Lawmakers have been going back and forth on Medicaid expansion, Lowe said — a long journey that finally seems at an end this legislative session.
“I think the citizens of North Carolina, without a doubt, will be helped by the expansion of Medicaid,” Lowe said.
But traveling the state and hearing the stories of people suffering in the current system, he added, has made it clear the problem was left to compound too long.
“It’s beyond anything that most of us could have imagined,” Lowe said.
The current crisis has focused people, Kinsley said, and perhaps led to opposing political sides coming together to address it. But the problem was there before COVID-19, which pushed the current system to the breaking point and has been particularly devastating for young people.
“Over the last two and a half years we’ve seen first-hand isolation and stress and trauma that has touched every single person in this state, grief and loss that has touched every single person in this state,” Kinsey said.
“And that bears out in the data,” Kinsley said. “We see increasing rates of anxiety and loneliness, disproportionate among our younger people, people who don’t have the same resiliency and framework as older folks may have. And at a time when we had unprecedented fear and frustration in the midst of the pandemic, everybody was confused. We see this now bearing out with 350 people sleeping in emergency rooms without a place to go, people sleeping in DSS offices without access to treatment.”
The state needs to pay for “upstream” care to prevent mental health problems — especially among youth — from getting so bad, Kinsley said.

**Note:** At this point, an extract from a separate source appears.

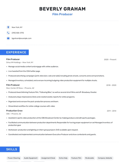 Build a professional film producer resume in minutes. Browse through our resume examples to identify the best way to word your resume. Then choose from 5+ resume templates to create your film producer resume.

But that can’t be all it does. It also has to spend and improve centers that deal with those in crisis now and in the future.
“The department has a commitment to making sure we get more upstream because an ounce of prevention is worth a pound of cure, 100 percent,” Kinsley said. “But like Sen. Burgin said, we cannot close our eyes, click our heels and stop paying for crisis levels of care and hope that the upstream stuff will be there. We have to do this all at the same time and it’s going to take all of us pushing to do it.”